Particularmente, não compartilho com essa grosseira divisão entre idealistas e realistas, porém devo admitir que a pesquisa tem, em algumas situações, a mesma fetichização de um widget. O artigo enumera seis propriedades econômicas das commodities que podem ser aplicadas em informação científica: maldição do vencedor, oligopólio, herding, escassez artificial, incerteza e branding. (Vale ver a tabela para maiores explicações). Isso nos faz ver coisas interessantes. Por exemplo, o viés de publicação (leia-se preconceito) dos estudos negativos, ou seja dos estudos nos quais a hipótese inicial não conseguiu ser demonstrada, poderia ser explicado, ao menos em parte, pela postura dos revisores das grandes revistas científicas:

“The authority of journals increasingly derives from their selectivity. The venue of publication provides a valuable status signal. (…) This is essentially an example of artificial scarcity. Artificial scarcity refers to any situation where, even though a commodity exists in abundance, restrictions of access, distribution, or availability make it seem rare, and thus overpriced. Low acceptance rates create an illusion of exclusivity based on merit and more frenzied competition among scientists “selling” manuscripts.” (grifos meus)

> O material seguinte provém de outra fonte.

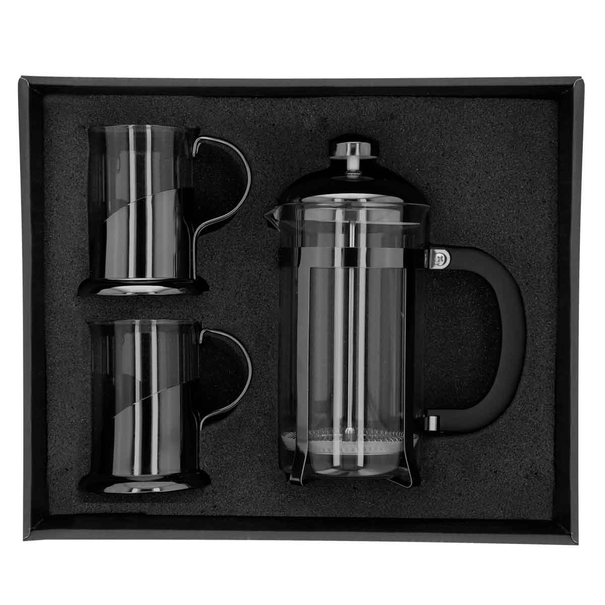 SET CAFETERO AJACCIO - Set de prensa francesa con 2 tazas. Incluye caja de regalo.

Se, por um lado, essas propriedades aplicadas às commodities ajudam a explicar porque alguns seres humanos passam fome e outros jogam comida fora – distorções exaustivamente apontadas pelos críticos do capitalismo tardio -, por outro, quando aplicadas às atuais políticas de publicação científica, ajudam a entender, pelo menos em parte, distorções científicas que, por sua vez, não são criticadas com a visibilidade que mereceriam.